Do you mean in the original problem or just in this part? f(π/2, 0) = 9, so if you need to correct the original problem, you should do that and see what changes.

 

[FactChecker]

$\mathbf a = \begin{bmatrix} 2\\ 3\\ 6 \end{bmatrix}$

$\mathbf b = \begin{bmatrix} \sin x \sin y\\ \sin x \cos y \\ \cos y \end{bmatrix}$

is there some $\gamma$, where $\mathbf a = \gamma \mathbf b$?

If not then Cauchy's inequality is strict and you can be certain the function never takes on the values of -7 and 7.

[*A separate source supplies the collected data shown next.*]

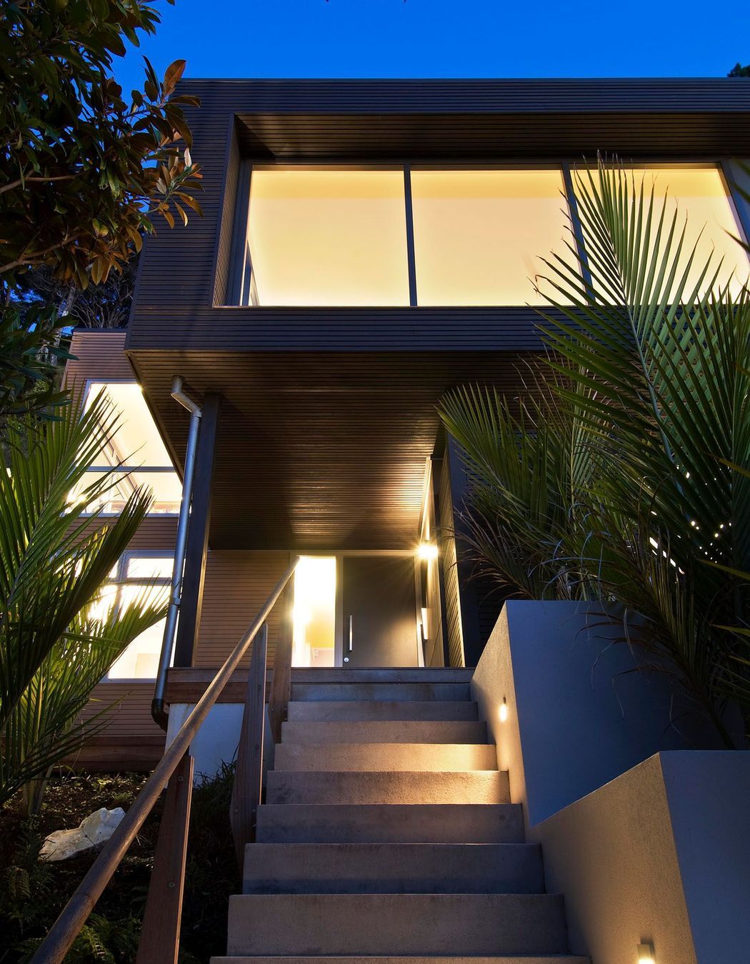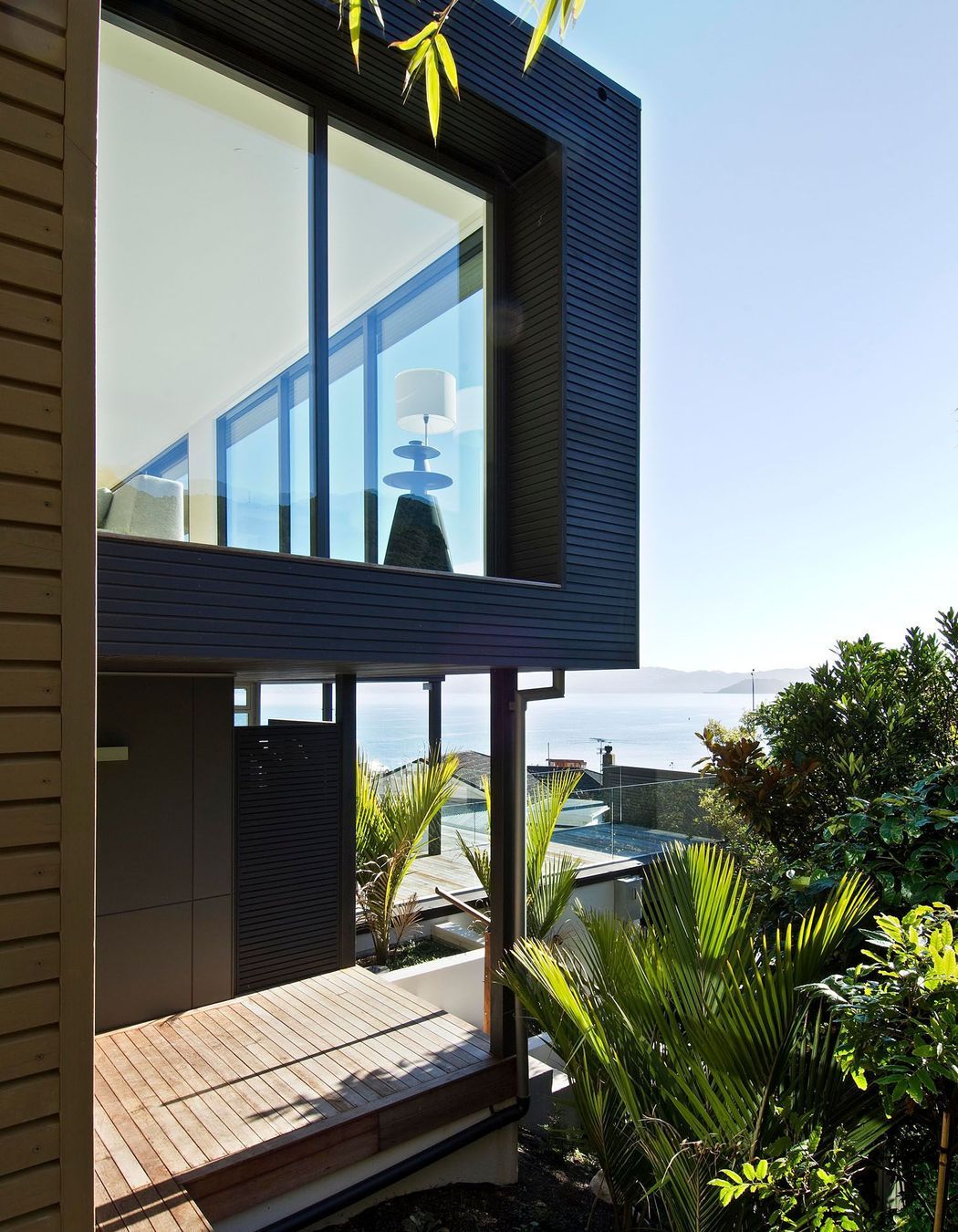 ArchiPro Project Summary - Family home in Days Bay harmonizing contemporary New Zealand architecture with the natural landscape, featuring interconnected living spaces, discrete bedroom areas, and a pool, all designed to enhance the experience of the stunning topography.
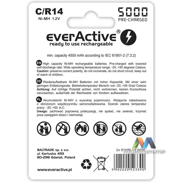 everActive Ni-MH R14 C 5000 mAh Professional Line punjive baterije
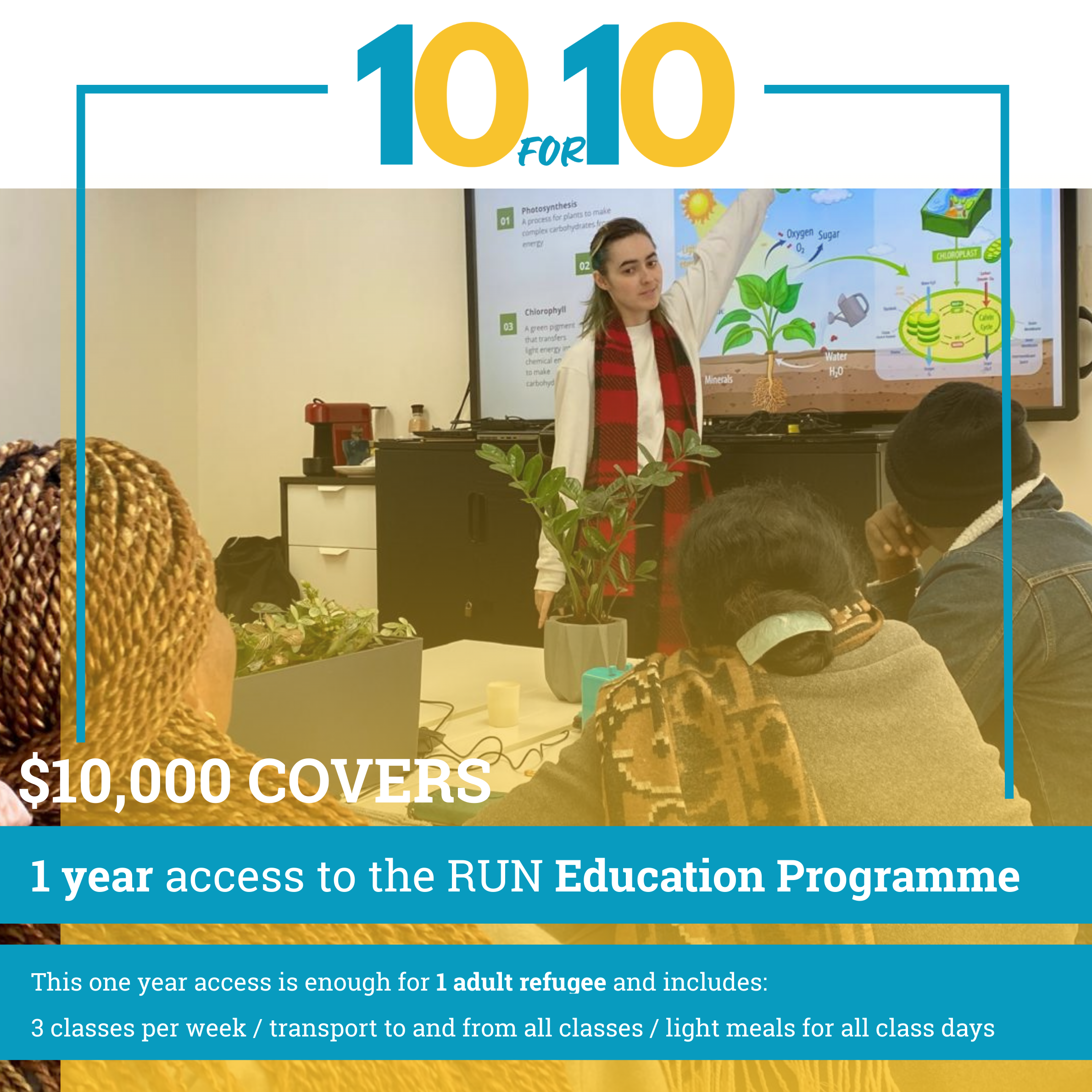 provides 1 year access to the RUN Education Programme for 1 adult refugee and includes 3 classes per week, transport to and from classes and light meals on class days
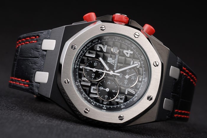 Armband ionenplattiert: Hitze Audemars Piguet schwarzem Krokolederarmband mit Doppel roten Nähten und Audemars Piguet geprägt graviert ionenplattiert Einfalt-clasp
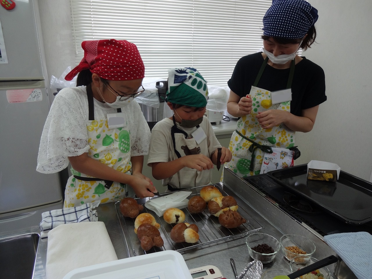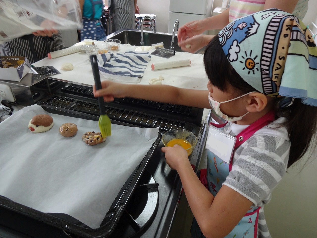 先生からの説明の後、生地を自由に成形し、チョコチップ、チョコペン、ドライフルーツなど多彩なトッピングで、色とりどりのバラエティー豊かなパンが出来ました。 焼き上がりはとっても美味しくて、自然に笑顔がこぼれます。 食べきれないものは、(お留守番のパパへの?!)最高のおみやげになりました!
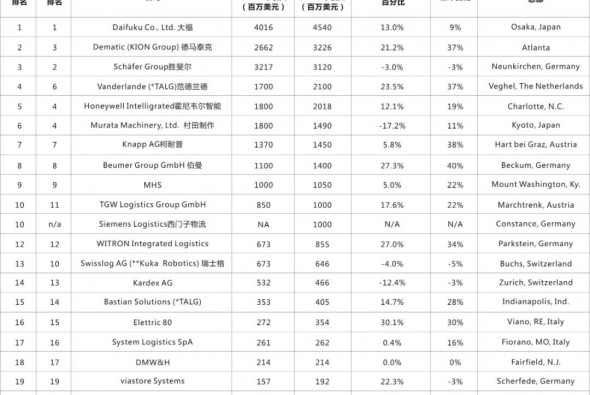 全球20大物流系統(tǒng)集成商2021年?duì)I收一覽
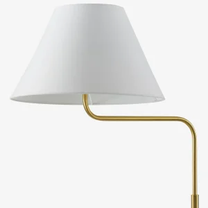 Minimalist lines define the Ellingford floor lamp. The slender stem takes an angular bend, cutting a chic silhouette that makes it the perfect reading lamp next to your sofa or a comfy chair. We love how the brass finish pops against the white shade, offering a versatile addition to modern palettes.
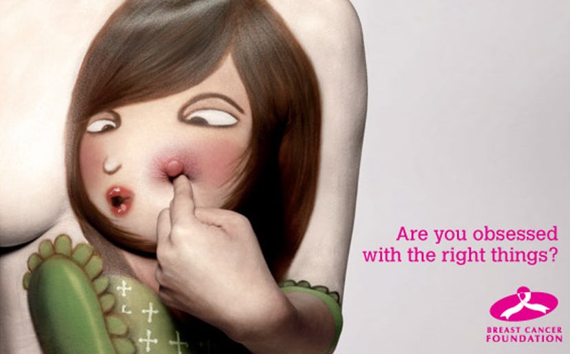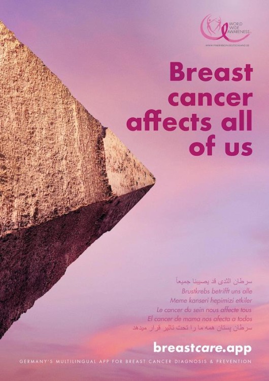 Nietypowa kreacja ma obrazować problem powszechnego występowania rak piersi – choroba może dotknąć kobietę bez względy na szerokość geograficzną, w której się znajduje, i bez względu na kształt piersi. Plakaty (z treścą tłumaczoną na wiele języków) z pewnością zapadają w pamięć i dają do myślenia – do formy piersi została porównana chociażby Wieża Eiffla, Wielka Piramida czy londyński wieżowiec 30 St Mary Axe (zwany również „Ogórkiem”).
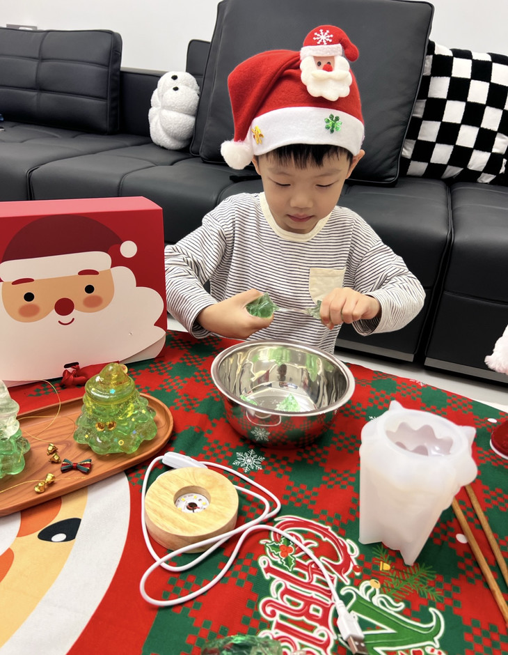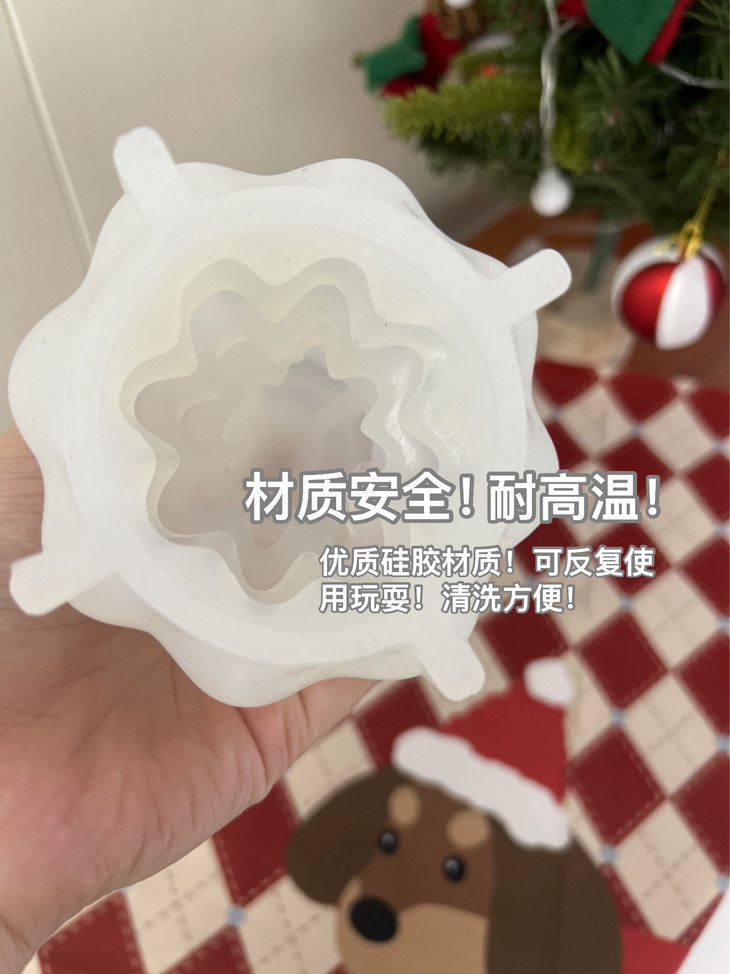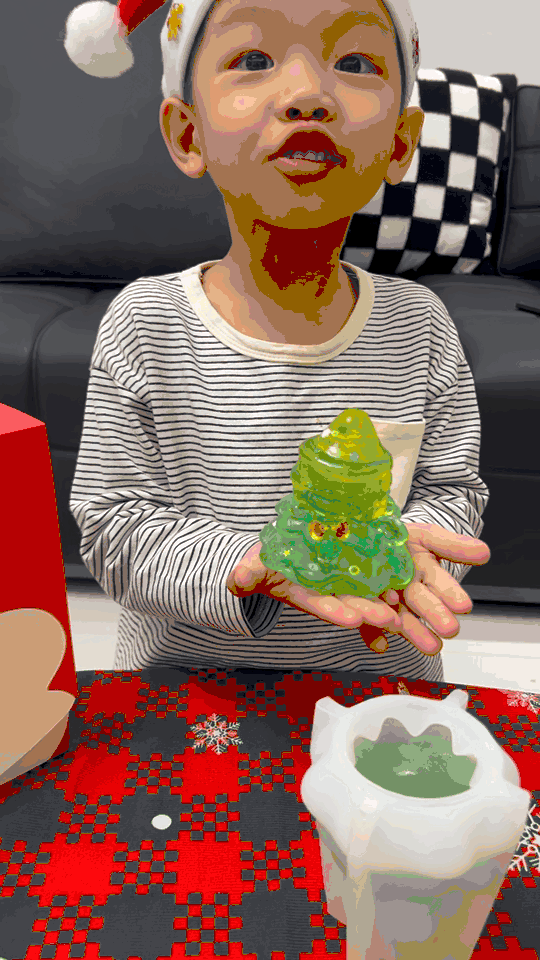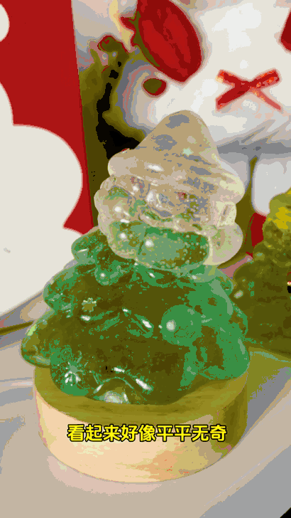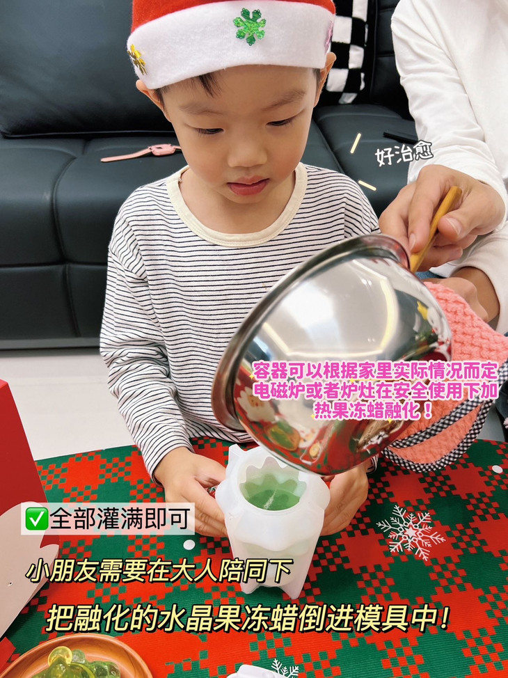 简单的操作视频可参考如下! 1.准备个小锅,先取小部分果冻蜡用剪刀剪成小块,方便更快速加热融化。 2.降融化的果冻蜡以次倒进圣诞硅胶模具中(搭配的颜色是绿色为主色,白色或者黄色为点缀色) 随机搭配50g果冻蜡,可以做成品一只有余。 3.倒入模具中,自然静止等待3-4个小时冷却成型即可脱模(过程中注意指甲不要戳到成品) 4.给自己的圣诞果冻灯加上闪粉,小铃铛或者小领花等装饰。 5.把它放在usb灯座上,注意不要使用快充头!打开开关就是一个水晶圣诞果冻灯了! 当小夜灯或者氛围灯超好看的!
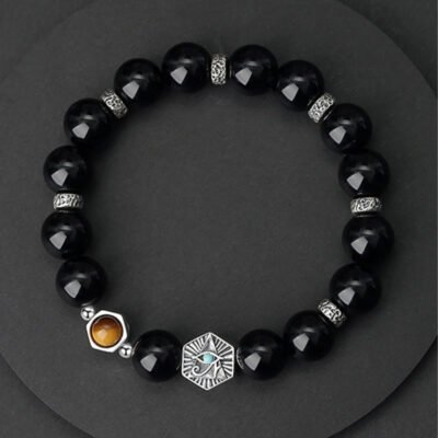 Be the first to review “Buddha Stones 925 Sterling Silver Black Obsidian Tiger Eye Eye of Providence Purification Bracelet”
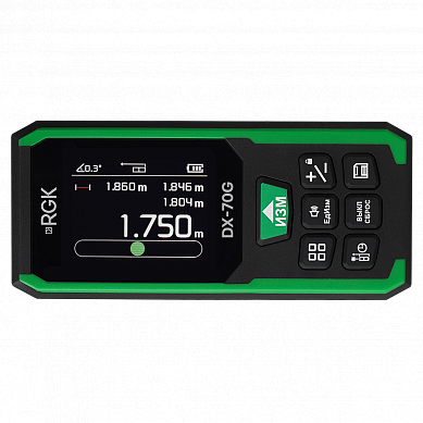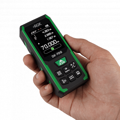 Лазерный дальномер RGK DX70G относится к компактным измерительным приборам строительного назначения, которые применяются для определения линейных размеров и расстояний, и угловых измерений, с расчетом дополнительных параметров. Модель предназначена для использования на дистанциях до 70 м и отличается от более дешевых изделий с таким же диапазоном расширенным перечнем поддерживаемых функций, улучшенной наглядностью и меньшей погрешностью, обеспечивая 1,5-миллиметровую точность.
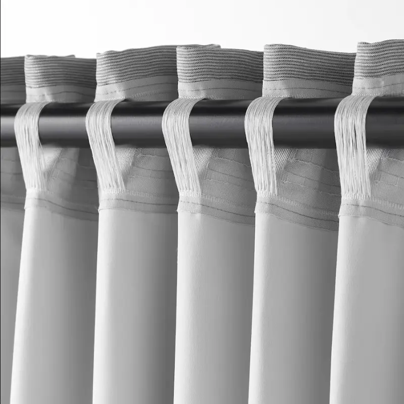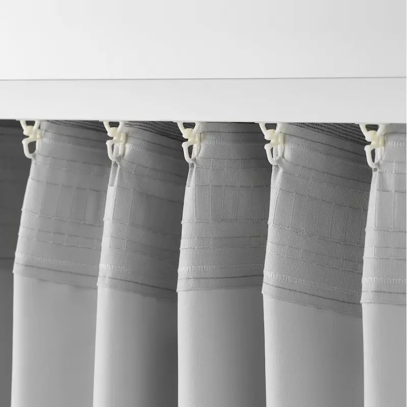 Тесьма по верхнему краю позволяет повесить гардину непосредственно на карниз, используя специальные прорези. Гардину также можно повесить на специальные крючки с бегунками.

It's interesting to note that at about x=0.550818287203578, the function f(x,x) is about maximized at about 7 and the vectors you give above are essentially multiples of each other.

 

[StoneTemplePython]

It's interesting to note that at about x=0.550818287203578, the function f(x,x) is about maximized at about 7 and the vectors you give above are essentially multiples of each other.

yea -- by my calculations

- - - -

edit:

we have

$\gamma \cos(x) = 6$
$6 \sin(x) = \big(\gamma \cos(x)\big) \sin(x) =\gamma \sin(x) \cos(x) = 3$
hence we have $\sin(x) = \frac{1}{2}$

Finally

$\gamma \frac{1}{2}\frac{1}{2} = \gamma \sin(x) \sin(x) = 2$
hence $\gamma = 8$

unfortunately this implies

$8 \cos(x) = 6$, or $\cos(x) = 0.75$, while in fact we have something more like $\cos(x) = 0.87$, so the $\gamma$ doesn't quite exist and the inequality is strict. Nevertheless, interesting to get so close to 7.